_Exercise prompt_.
Only the lines from the one containing "Dřevěné náušnice z" through the end of the data are wanted, reproduced exactly and without pictures.

_Data for processing_.
[Start of section]

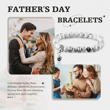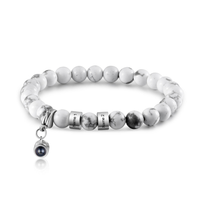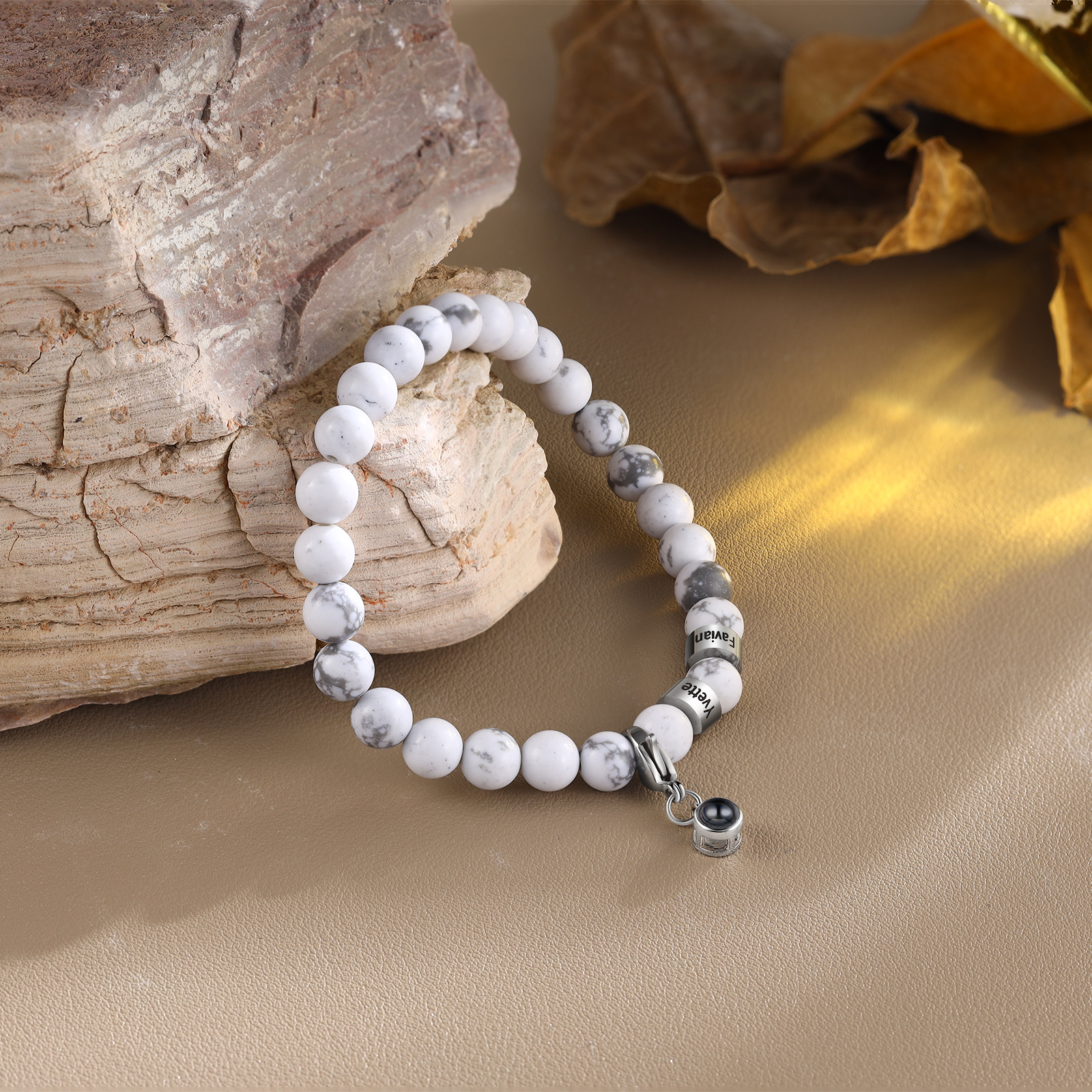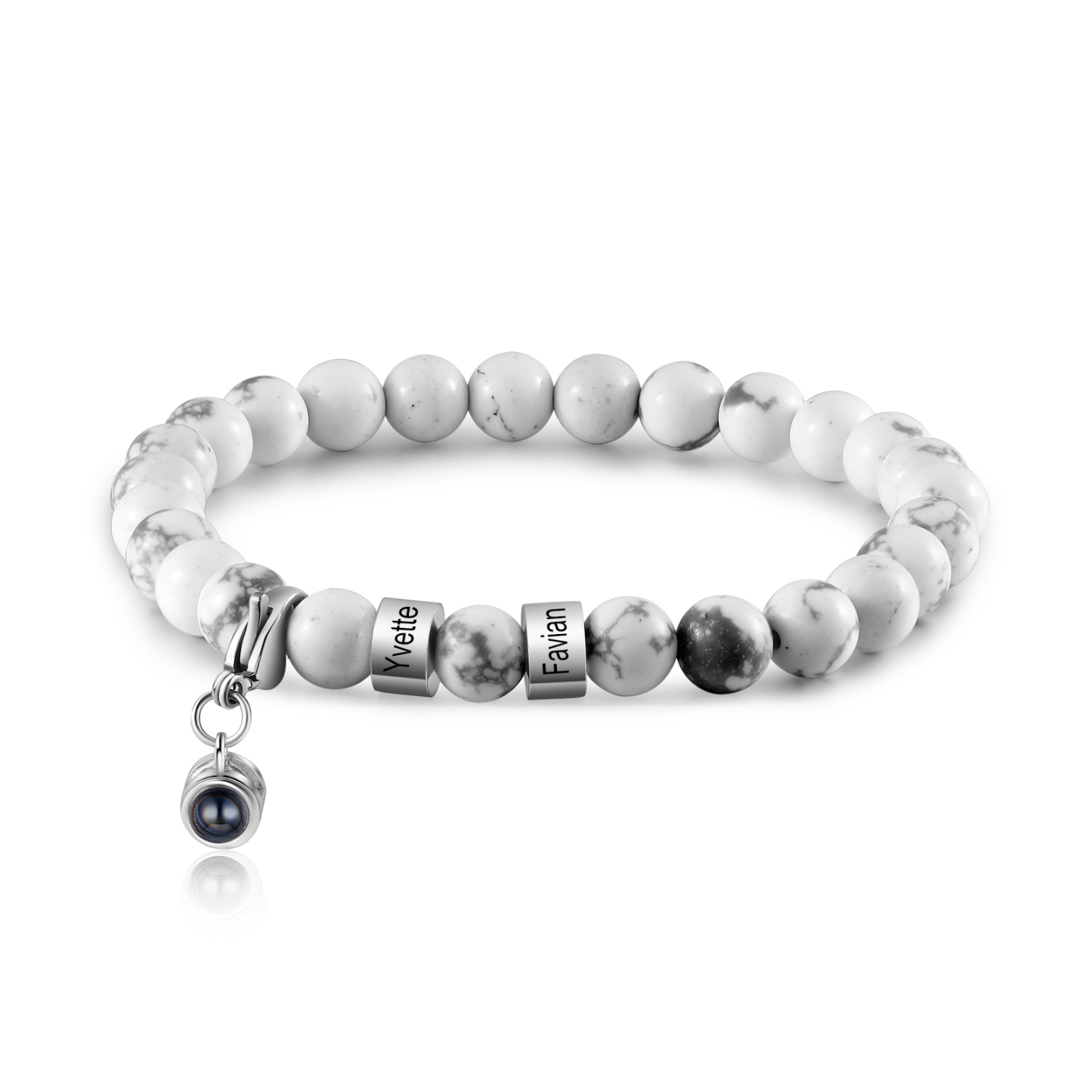 Personalisiertes 2 Namen & Foto Magnesit Projektion Armband
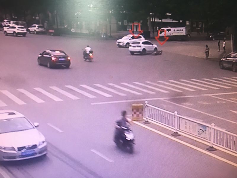 9月5日下午六点半左右,在南川金山大道泰园路口,一辆直行的小车突然左转,其右侧直接撞上了直行的电动车,车轮与被撞者头部“亲密”擦过。
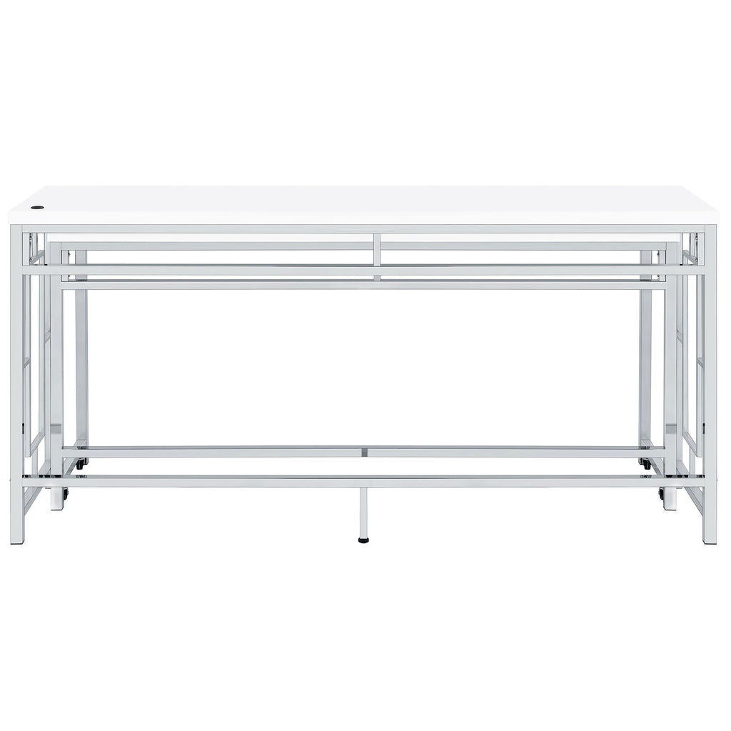 • Silver metal finish perfectly complemented with white tabletops and faux leather for a crisp look
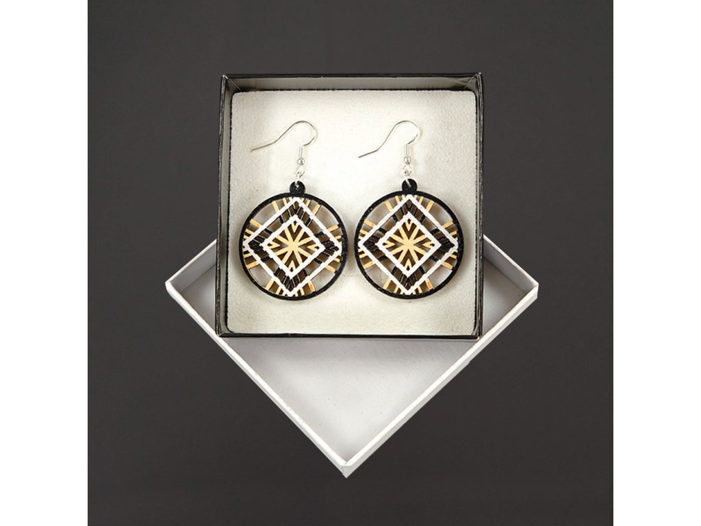 Dřevěné náušnice z topolového dřeva a barevně potištěné. Náušnice jsou výrazné, elegantní a zároveň vkusné, hezky oživí každodenní či večerní outfit. Jejich nošení je maximálně pohodlné. Jedná se o bižuterii a náušnice jsou dodávány na kartónku, kde jsou upevněny pomocí silikonové zarážky. Rozměr je 4x3,6 cm. Český výrobek.
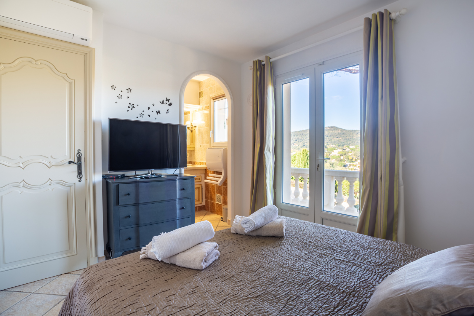 Dotée d'un vaste séjour salle à manger cheminée et d'une cuisine indépendante équipée, elle comprend aussi en rez de piscine 2 chambres avec leur salle d'eau,toilettes, à l'étage une suite parentale avec salle de bains et salle de douche ,magnifique dressing, toilettes, ainsi qu'un très beau solarium avec aperçu mer. en rez de jardin ,deux autres chambres avec salle de bain et salle de douche, toilettes, salon jeux , cave;

[End of section]

_Task response_.
 Dřevěné náušnice z topolového dřeva a barevně potištěné. Náušnice jsou výrazné, elegantní a zároveň vkusné, hezky oživí každodenní či večerní outfit. Jejich nošení je maximálně pohodlné. Jedná se o bižuterii a náušnice jsou dodávány na kartónku, kde jsou upevněny pomocí silikonové zarážky. Rozměr je 4x3,6 cm. Český výrobek.
 Dotée d'un vaste séjour salle à manger cheminée et d'une cuisine indépendante équipée, elle comprend aussi en rez de piscine 2 chambres avec leur salle d'eau,toilettes, à l'étage une suite parentale avec salle de bains et salle de douche ,magnifique dressing, toilettes, ainsi qu'un très beau solarium avec aperçu mer. en rez de jardin ,deux autres chambres avec salle de bain et salle de douche, toilettes, salon jeux , cave;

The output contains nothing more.